Hazel gave the example of a student who had a D and three F grades for the quarters of the school year. The average of those grades would become an F for that year, as the student’s grade would be rounded down.
With the new formula the state has suggested, and that the Board adopted, that same student would have a grade of .5, calculated by the semester. The grade would be rounded up, and the student would have a D for the year.
The task ahead for the school board is to determine when and how the new formula for EOC grades will be implemented.
According to attorney Stacey Manning, if the District made changes using the new formula retroactively, there would be negative consequences for students that could become unconstitutional. Legally, however, there would be no issue with implementing the formula with incoming seventh graders and phase in the new formula over five to seven years to get everyone on the same calculations.
Interim Superintendent Tim Egnor didn't want to phase in the formula. He wanted to implement the new one now.
“There is no reason, to my knowledge why we could not start this school year, applying this new standard to every student in the system," Egnor said. "We don’t need to phase it in.”
Board Attorney Ted Doran was concerned about having students from many different levels taking the same class while going through the system with two different formulas. Some students, like the example given by Hazel, would be negatively impacted as a result of the change.
Board member Ruben Colon wanted the School District to gather information from other districts to know how they are handling the implementations.
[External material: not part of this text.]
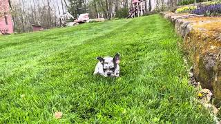 Her sire Raleigh is a handsome Blue Merle with a gorgeous coat and a personable nature. He is genetically tested. Her mother Fiona is a lovely chocolate colored Frenchie with a gentle personality. Both parents are here on the premises.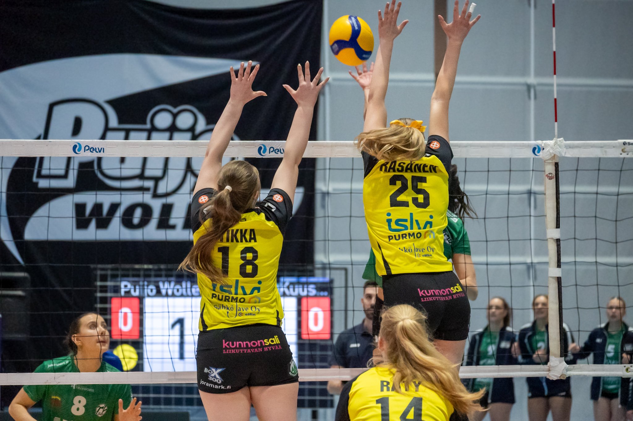 Ottelun alku oli tasaista ja virheherkkää peliä. Selma Räsänen syötti parin Pölkyn hyökkäysvirheen jälkeen ässän ja Puijo johti 9-5. Kotijoukkue onnistui painostamaan omalla syötöllään vastustajaa huomattavasti paremmin. Piste-eroksi kasvoi Liina Rädyn syöttövuorolla jo 17-9, jolloin Puijon pisteissä oli 4 ässää. Puijonkaan vastaanottoprosentti ei kuitenkaan tässä vaiheessa päätä huimannut. Pölkyn Megija Dambrehte ja Jade Cholet kavensivat hyökkäysonnistumisillaan eroksi 17-11, mutta keltamusta kone jatkoi jauhamistaan. Aliyah Carter korvasi erän lopussa Cholet’n takakenttäkierroksella, mutta Puijon etu riitti helposti. Eräpallot 24-15 iski Ada Aronen ja seuraavassa pallossa Pölkylle osui hyökkäysvirhe.

Colon also said he researched various institutions of higher learning to find out how they handle transcripts from different school districts.
Egnor said there is a huge range of how other districts have handled the previous formulas, and therefore, there is not a solid comparison of what other districts have done.
Colon suggested a workshop to further discuss the issue. Board members Ida Wright and Jamie Haynes concurred that additional discussion and information needs to be gained before voting.
Egnor said that the administration can create multiple examples of scenarios for the Board to view and discuss the pros and cons of each to pick the most appropriate and fair impact on students. Egnor also talked about the need for Manning and Doran to address any legal issues that could result from the various options of implementation.
“I am very proud of a Volusia diploma," Board member Linda Cuthbert said. "We have to make sure that our diplomas reflect the proficiencies of what a student has earned."
Chairman Carl Persis said that the only state recommendation was to go with calculating grades by semester.
The discussion was tabled with a plan for a workshop on the morning on July 22 to further discuss how and when the formula change for the 2019-2020 school year would happen and to whom it would be applied.
The Board is slated to take action on the new formula at the regular July 22 meeting later that day.